Hi--I just joined the forum and I was actually thinking of starting a thread on this same topic!
Mostly, I'm curious as to how other Tarot users/researchers view her reconstruction of history. I'm about a third of the way into the book, and I'm highly skeptical about all the connections she makes. Goddess-worshipping Gypsies brought sacred Tantric knowledge from the Orient (what a loaded term!) to Europe, where it was snapped up by Gnostic sects and Knights Templar and assorted other heretics?! It seems a tad implausible, to say the least. I don't think it makes Walker's understanding of Tarot any less meaningful, because I do believe there are multiple significances and connections in Tarot that may not be immediately apparent to the casual observer.
I'm coming at this as a student of culture, folklore in particular, plus I just took a course on Representations of the Roma in Western literature, film, and music, so right now I'm particularly attuned to how Gypsies are used by others who want to project their own ideas onto them as a convenient "look at these mysterious traveling folk!" trope. Walker doesn't cite any authoritative sources on the Roma--not that there are many, as the Roma are incredibly diverse and there haven't been a lot of studies made by insiders to the group, mostly it's been outsiders dazzled by their supposedly free and romantic lifestyle.

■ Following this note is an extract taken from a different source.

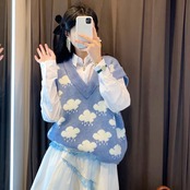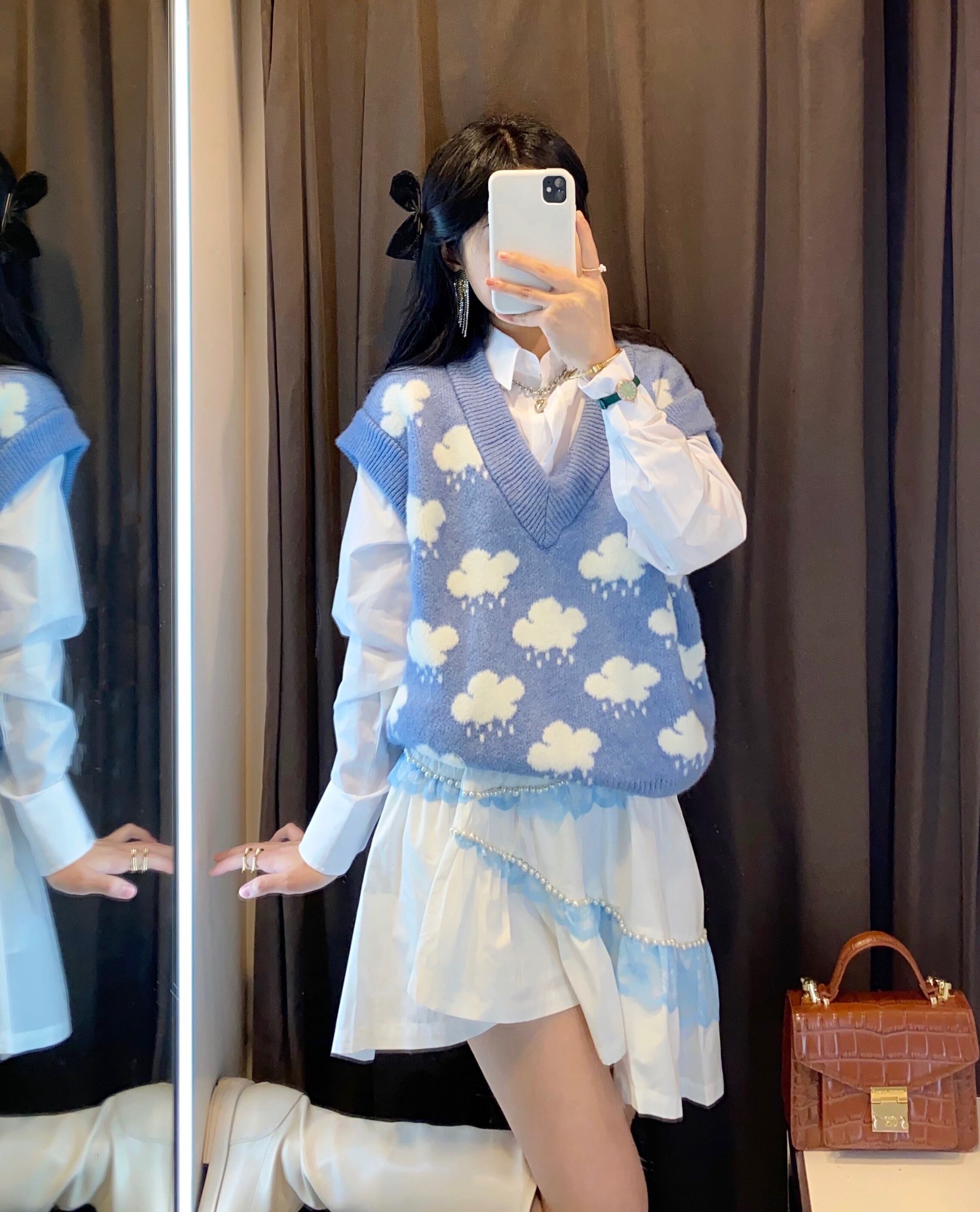 ブルーVネックジャカードニットレディーススプリング秋物ノースリーブセーター 大人ガーリー スウィート キュート カジュアル 春物 オータム ウエスト コーデ Marchs58537650681

But while I'm reading Walker with a skeptical eye toward her history, I think she makes a number of intriguing connections between the meanings of the cards and the cultural climate at various times in European history. Her bile toward the repressive and reprehensible actions of the Church is understandable, and it's where she relies on the writings of the Church, ironically, that I think her scholarship is the strongest. What I think makes Walker's work truly brilliant is that it's not simply reactionary, that is, she's not just reclaiming a pagan heritage from the grasping claws of patriarchal Christianity--rather, she's fused diverse belief systems and alternative historical accounts to create a unique and meaningful approach to Tarot. I think her deck is gorgeous too, though I haven't begun to really work with it.
I guess what I'm saying is that I like her symbolic system, though I believe that her interpretation of historical data is not the only interpretation one could make of the existing evidence.